Taking feeds out of our web search results

Tuesday, December 18, 2007

As a webmaster, you may have been concerned about your RSS/Atom feeds crowding out their associated HTML pages in Google's search results. By serving feeds, we could cause a poor user experience:

  1. Feeds increase the likelihood that users see duplicate search results.
  2. Users clicking on a feed may miss valuable content available only in the HTML page.

To address these concerns, we prevent feeds from being returned in Google's search results, with the exception of podcasts (feeds with multimedia enclosures). We continue to allow podcasts, because we noticed a significant number of them are standalone documents (that is, no HTML page has the same content) or they have more complete item descriptions than the associated HTML page. However, if, as a webmaster, you'd like your podcasts to be excluded from Google's search results (for example, if you have a vlog, its feed is probably a podcast), you can use Yahoo's spec for noindex feeds. If you use FeedBurner, making your podcast noindex is as simple as checking a box ("Noindex" under the "Publicize" tab).
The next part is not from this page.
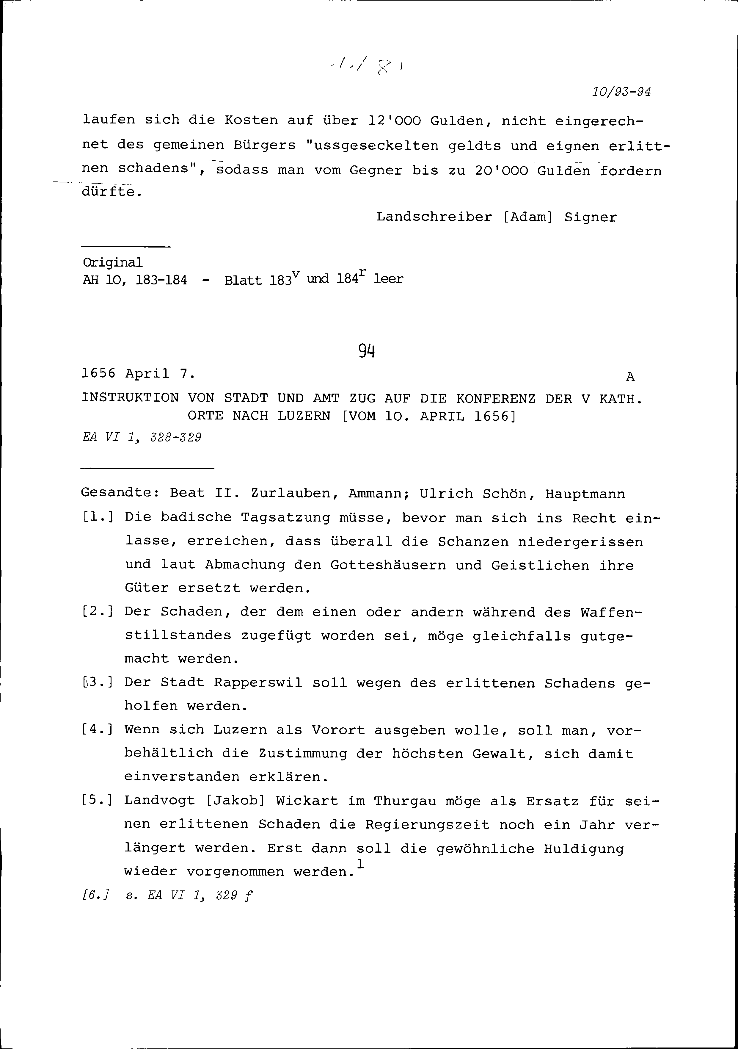 Instruktion von Stadt und Amt Zug auf die Konferenz der Fünf Katholischen Orte in Luzern vom 10. April 1656

As a user, you may ask yourself whether Google has a way to search for feeds. The answer is yes; both Google Reader and iGoogle allow searching for feeds to subscribe to.

We're aware that there are a few non-podcast feeds out there with no associated HTML pages, and thus removing these feeds for now from the search results might be less than ideal. We remain open to other feedback on how to improve the handling of feeds, and especially welcome your comments and questions in the Crawling, Indexing and Ranking subtopic of our Webmaster Help Group.